Beginning next year, the government, in collaboration with its development partners and the private sector, will commit $200 million annually in budgetary allocations towards sanitation and water improvements to meet the Millennium Development Goal (MDG) targets.
The government will commit additional allocations of $150million annually, towards hygienic treatment and disposal of septic and faecal sludge, as well as sullage and storm water management.

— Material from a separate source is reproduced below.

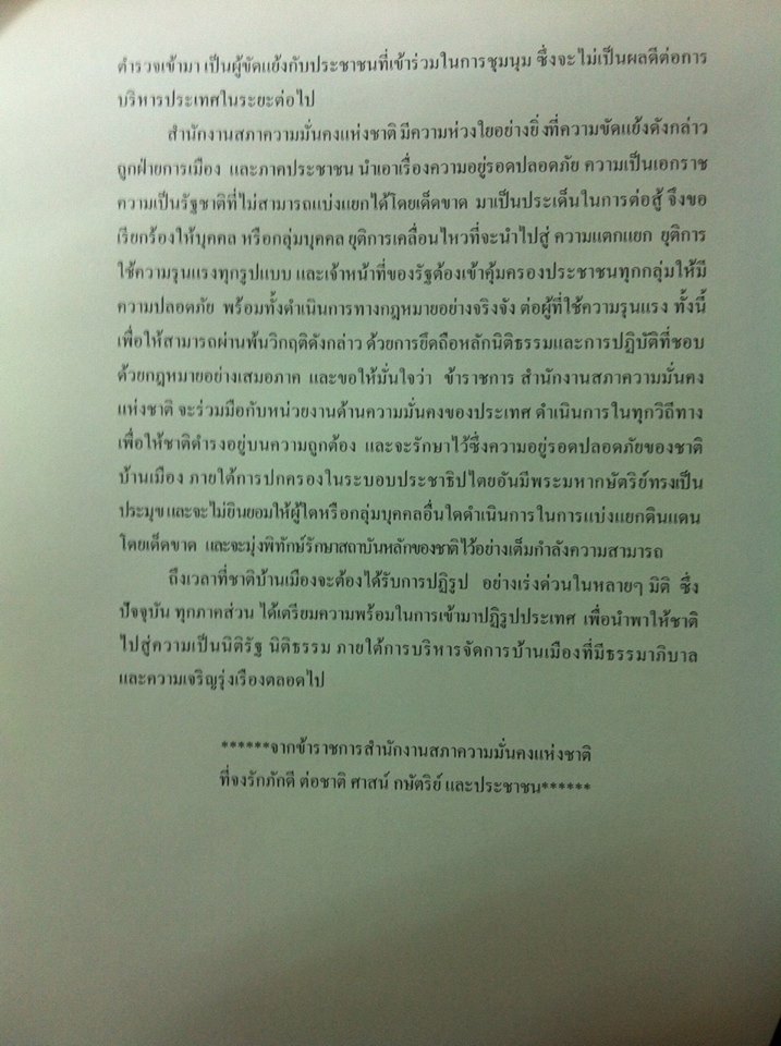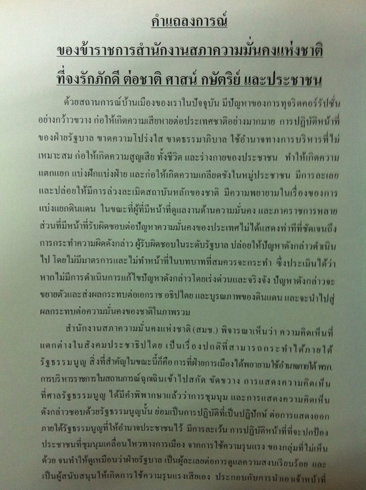 “สมช. มีความห่วงใยอย่างยิ่งที่ความขัดแย้งดังกล่าวถูกฝ่ายการเมือง และภาคประชาชน นำเอาเรื่องความอยู่รอดปลอดภัย ความเป็นเอกราช ความเป็นรัฐชาติที่ไม่สามารถแบ่งแยกได้โดยเด็ดขาด มาเป็นประเด็นในการต่อสู้ จึงขอเรียกร้องให้บุคคล หรือกลุ่มบุคคล ยุติความเคลื่อนไหวที่จะนำไปสู่ความแตกแยก ยุติการใช้ความรุนแรงทุกรูปแบบ และเจ้าหน้าที่ของรัฐต้องเข้าคุ้มครองประชาชนทุกกลุ่มให้มีความปลอดภัย พร้อมทั้งดำเนินการทางกฎหมายอย่างจริงจังต่อผู้ใช้ความรุนแรง” แถลงการณ์ดังกล่าว ระบุ

It will also make allocations up to the threshold of 0.5 per cent of the GDP to cover capacity building for hygiene education including proper hand-washing methods, country-wide outreach of community-led total sanitation, and general enhancement of enabling elements.
These commitments are contained in a document christened, 'Ghana Compact on Sanitation and Water For All,' a global framework for action on water and sanitation which was launched by Vice-President John Mahama in Accra yesterday.

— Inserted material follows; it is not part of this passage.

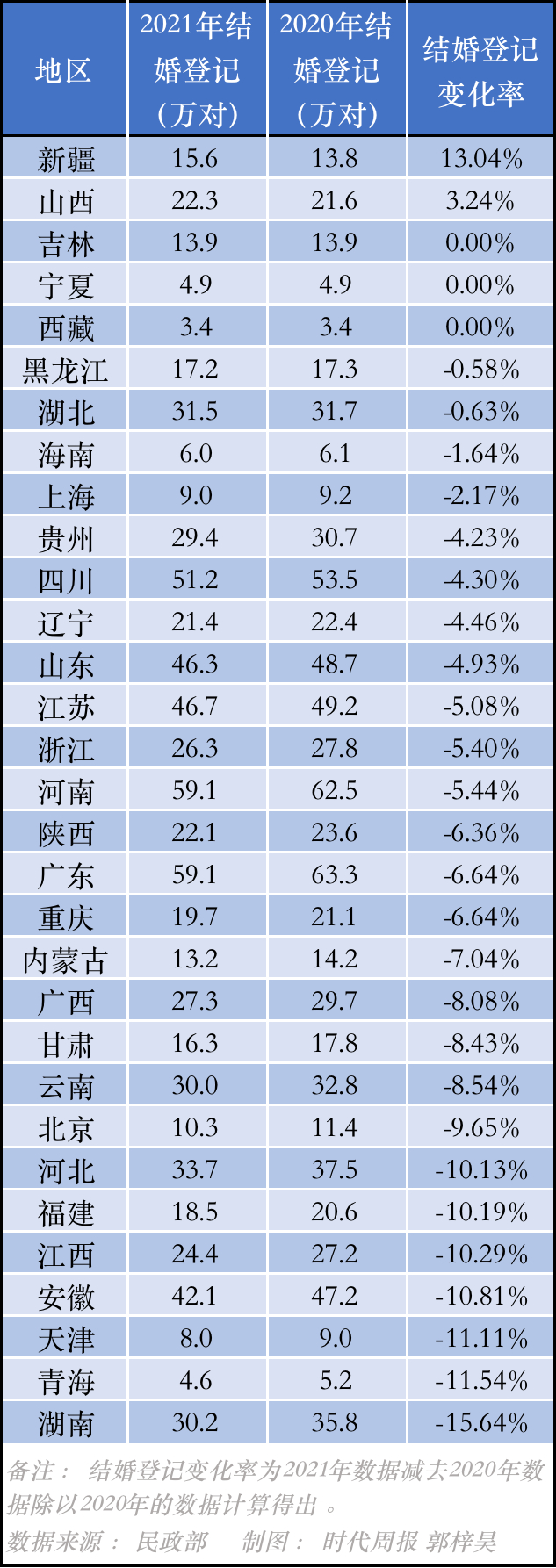 时代周报记者梳理发现,2021年仅新疆、山西结婚登记人数相对上一年呈现增长态势,增幅分别为13.04%和3.24%。西藏、宁夏、吉林3省份的结婚登记人数与上一年持平。

The Ghana compact, which aims to increase political prioritization and commitment on sanitation and water, is the first to be launched in any sub-Sahara African country.
Under it, the government will also undertake to strengthen and enhance the capacity of the Environmental Health and Sanitation Directorate and the Water Directorate with increased budget allocations in the 2011 budget statement.

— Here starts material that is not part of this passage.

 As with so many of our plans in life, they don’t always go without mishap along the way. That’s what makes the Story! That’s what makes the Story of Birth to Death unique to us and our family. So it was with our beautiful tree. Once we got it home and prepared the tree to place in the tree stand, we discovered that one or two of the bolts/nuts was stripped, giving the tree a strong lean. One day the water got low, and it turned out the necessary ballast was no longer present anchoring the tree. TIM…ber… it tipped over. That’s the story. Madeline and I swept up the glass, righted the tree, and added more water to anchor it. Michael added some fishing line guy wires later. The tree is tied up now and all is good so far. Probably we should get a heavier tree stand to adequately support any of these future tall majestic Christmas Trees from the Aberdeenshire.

Vice-President Mahama described the initiative as a "renewal of our commitment to work together to tackle the challenge that continues to be posed by the sanitation and water situation in our country."
He said data from the country's health facilities indicated that more than 60 per cent of the 10 top diseases that were reported from health delivery facilities were sanitation and water-related, of which malaria and diarrhoeal diseases were top most.
"The current state of sanitation does not only pose a threat to our national development agenda, but also towards the achievement of the Millennium Development Goals and the sustainability of the National Health Insurance Scheme," he said.
The Vice-President said unlike water, it was likely that the country might miss the sanitation target of the MDGs which stipulated that half of the population of the country should have access to basic sanitation by 2015.
He said, however, that the situation should spur the country on to work harder to achieve the target.
He said the metropolitan, municipal and district assemblies would be encouraged to embark upon major multi-sectoral collaborations with the view to improving sanitation while targeting safe food and appropriate disposal of waste.
"We will ensure that district assemblies develop relevant regulations and also enforce them. To that end, a national Strategy and action Plan has been developed by the Ministry of Local Government and Rural Development to be launched soon," he said.
An investment plan for sanitation had reached an advanced stage of preparation as a further demonstration of the government's commitment to the sector, he said and called for an urgent attitudinal shift among the population to increase awareness of the direct link between sanitation and personal hygiene and the quality of their health.
He also advocated the need for the private sector to be allowed and regulated to go into pay-toilet facilities.
"With the ongoing toilet wars between political activists, it is obvious the public-pay toilet business is profitable," Mr. Mahama said.
Water Resources, Works and Housing Minister Alban Bagbin said the initiative as captured in the compact demonstrated the government's resolve and commitment to the framework and principles of water and sanitation for all.
It was also in line with the target to achieve 70 per cent of potable water supply by 2015, Mr. Bagbin said but stressed that the country needed to tighten its belt to fast-track efforts towards the 63 per cent sanitation mark.
"We can banish poverty out of Ghana if we can improve access to water and sanitation," he said.